Data Flows One Way

At QCon NY, Adam Ernst talked about the way Facebook is rewriting their UIs to use a functional approach. When all the UI components subscribing to the model, and the model subscribing to UI components (even through the controller), it’s a whole wad of interconnectedness.

Instead, it has been decreed that all data flows from the top. The GUI structure is a function of the model state. If a GUI component wishes to change the model state, that event triggers a regeneration of the GUI structure. Then, for performance, React.js does a comparison of the newly-desired DOM with the existing one, and updates only the parts that have changed.

Data flowing in one direction is a crucial part of functional programming. Persistent data structures, copy-on-mutate with structural sharing, and two-way links between parts of the structure don’t go together. Choose the first two.

In higher-level architectures, microservices are all the rage. Unlike old-style legible architecture diagrams, the dependency diagram in microservices looks like the death star. Services connect directly to each other willy-nilly.

There are alternative microstructure architectures that, like React.js, get the data flowing in one direction. Fred George describes putting all the messages on a bus (“the rapids”) and let services spy on the messages relevant for them (“the river”). The only output a service has is more messages, delivered into the rapids for any other service to consume.
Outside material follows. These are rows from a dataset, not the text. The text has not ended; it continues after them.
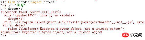 一直被编码问题所困惑,在网上搜索了“如何查看字符编码类型?”,听说chardet模块很方便,但是安装了chardet模块之后,使用一直报错“ValueError: Expected a bytes object, not a unicode object”,不知道什么原因。如下图所示: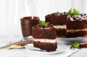 Zdjęcie "Pyszne ciasto czekoladowe na stole z bliska" może być wykorzystywane do celów osobistych i komercyjnych zgodnie z warunkami zakupionej licencji Royalty-free. Obraz jest dostępny do pobrania w jakości wysokiej rozdzielczości do 5760x3840.
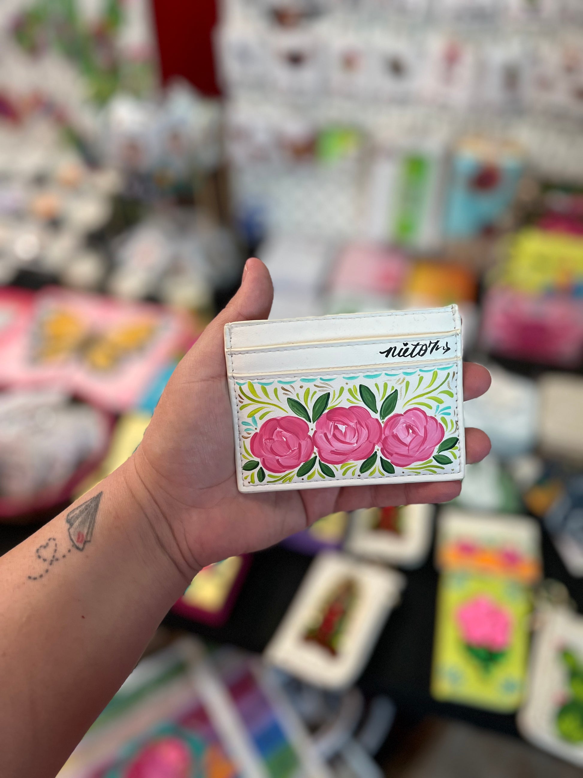 Hand painted card holder/wallet w zipper pocket. One of one. Paint has been sealed for extra protection. Signed. All sales final.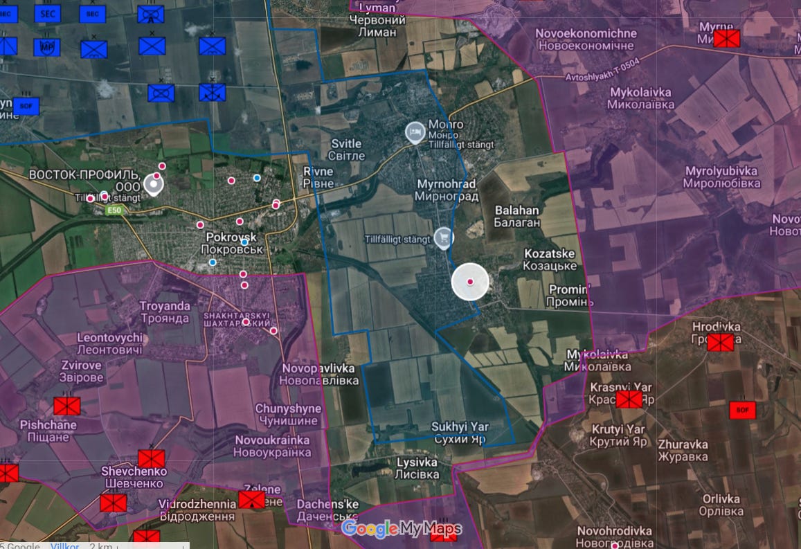 I Pokrovsk ser det ut som nedan vilket kanske föreslår att man håller på att dra sig ur det hotade området.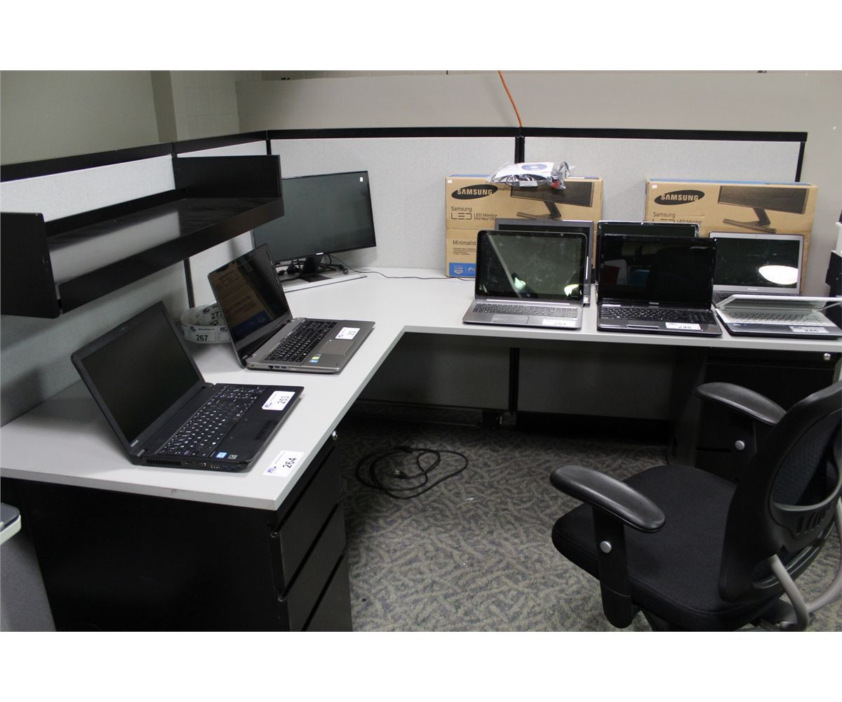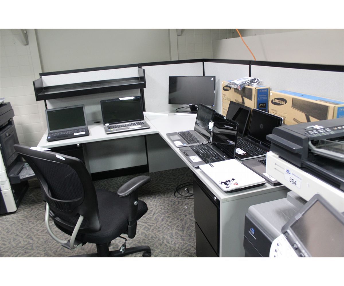 STEELCASE GREY AND BLACK 7' X 6' CORNER WORKSTATION C/W OVERHEAD SHELF

This is cool in some ways. New services can build on what’s out there, without anyone knowing to send anything to them directly. However, the dependencies still exist. And it’s slower than direct connections.

What about… (also from a QCon session) OSGi is the very well-developed solution to this on the JVM. Anyone can look for a particular service, and get connected up through a trusted broker. Once the connection is made, it’s direct, no more overhead. Is that ideal?